• [ABOUT THIS EXERCISE]:
Please set down the data again exactly, minus the pictures.

• [GIVEN INFORMATION]:
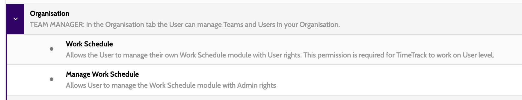 Organisation: Manage Work Schedule
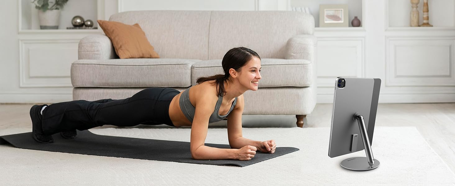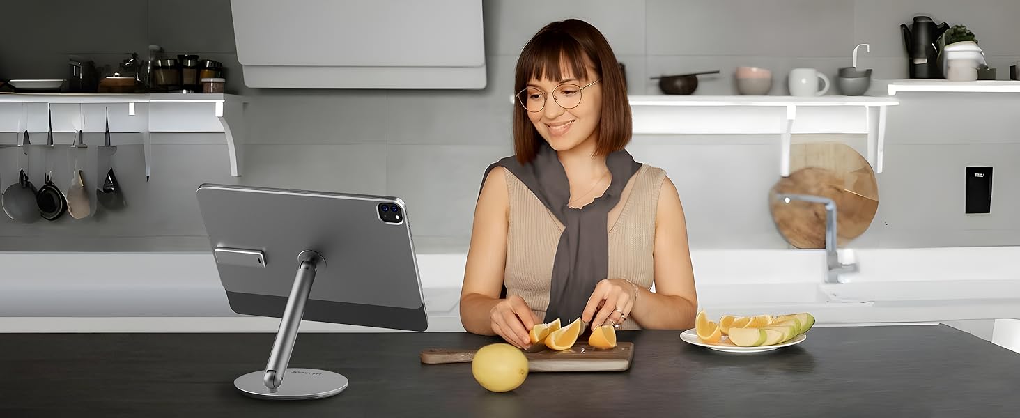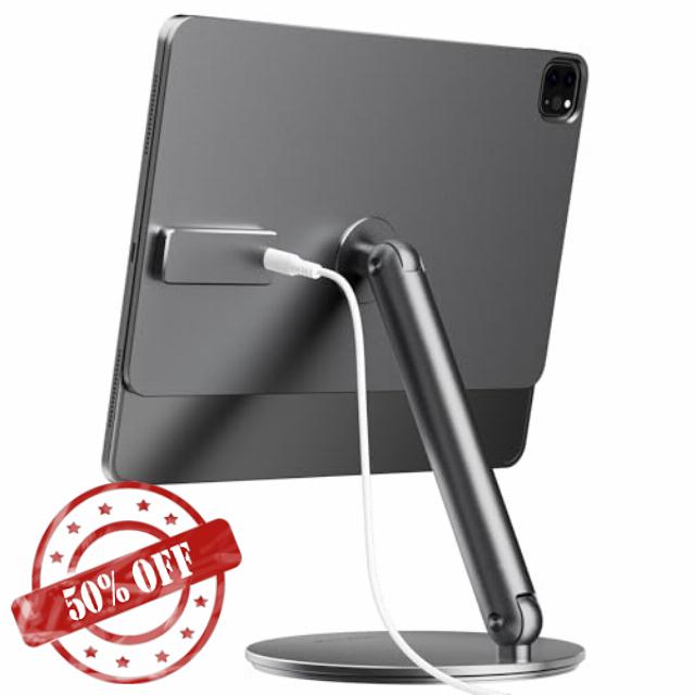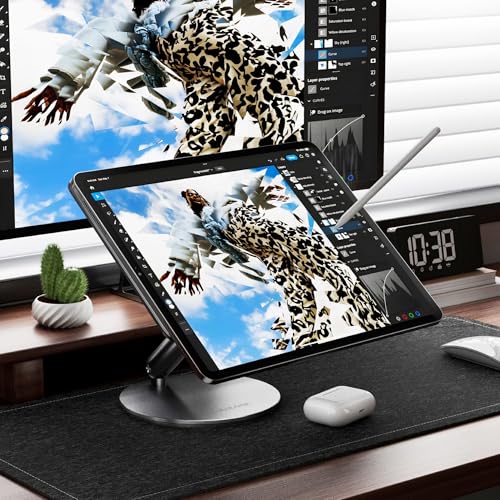 - 【360° Invisible Base】Our tablet stand is distinguished by a 360° rotating circular base and a rotating mechanical arm. Made with acoustic damping material, the stand reacts quickly to every rotation, viewing both vertical and horizontal. This makes it very useful in the kitchen and when using the iPad as a cash register system (POS). Mechanical gears are heard when the base of the stand rotates, for an aesthetic quality feel.
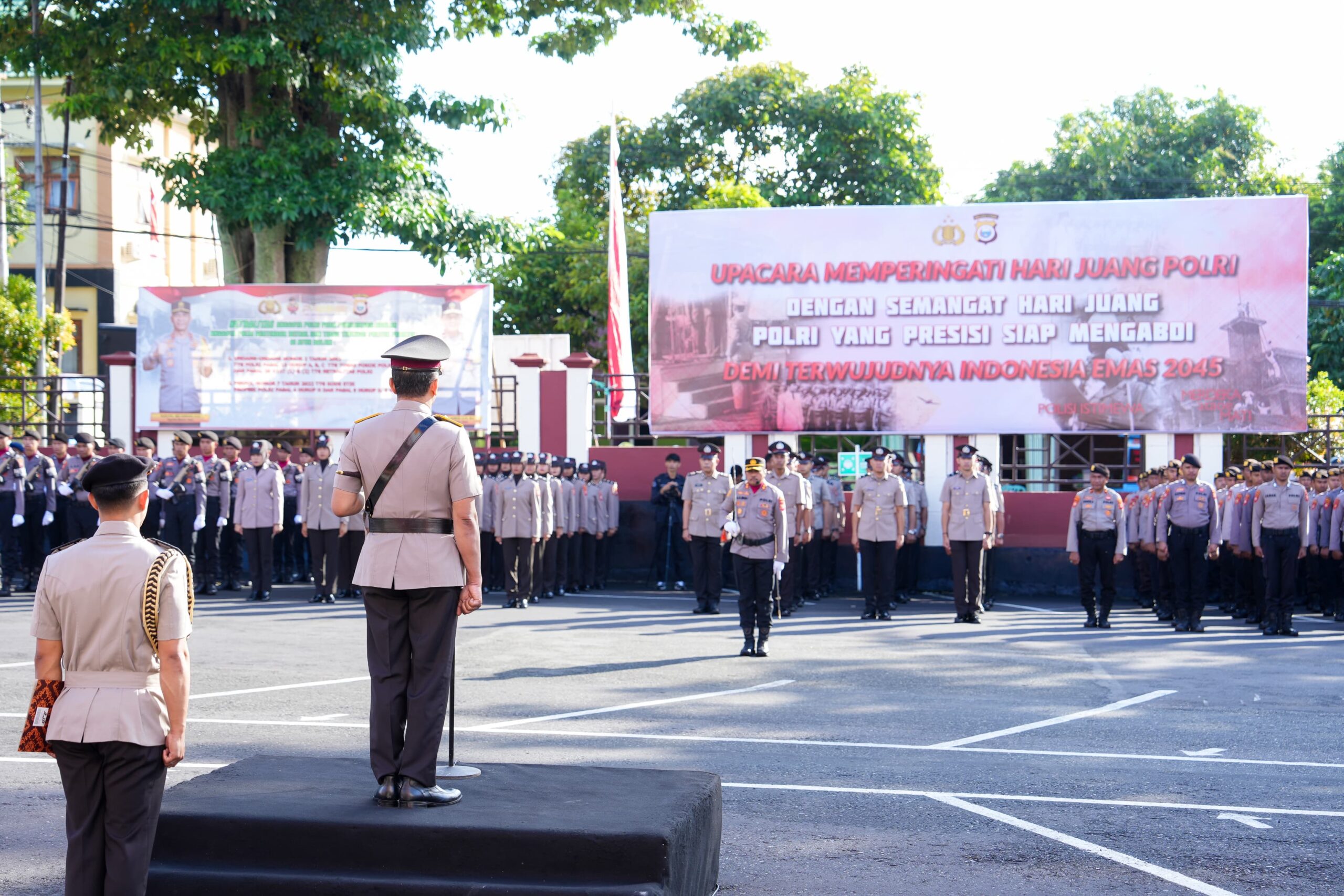 Polda Maluku Utara menggelar upacara peringatan Hari Juang Polri yang ke-79 dengan tema “Semangat Hari Juang Polri yang Presisi Siap Mengabdi Demi Terwujudnya Indonesia Emas 2045” pada Rabu (21/8/2024).

• [REPLY TO THE EXERCISE]:
 Organisation: Manage Work Schedule
 - 【360° Invisible Base】Our tablet stand is distinguished by a 360° rotating circular base and a rotating mechanical arm. Made with acoustic damping material, the stand reacts quickly to every rotation, viewing both vertical and horizontal. This makes it very useful in the kitchen and when using the iPad as a cash register system (POS). Mechanical gears are heard when the base of the stand rotates, for an aesthetic quality feel.
 Polda Maluku Utara menggelar upacara peringatan Hari Juang Polri yang ke-79 dengan tema “Semangat Hari Juang Polri yang Presisi Siap Mengabdi Demi Terwujudnya Indonesia Emas 2045” pada Rabu (21/8/2024).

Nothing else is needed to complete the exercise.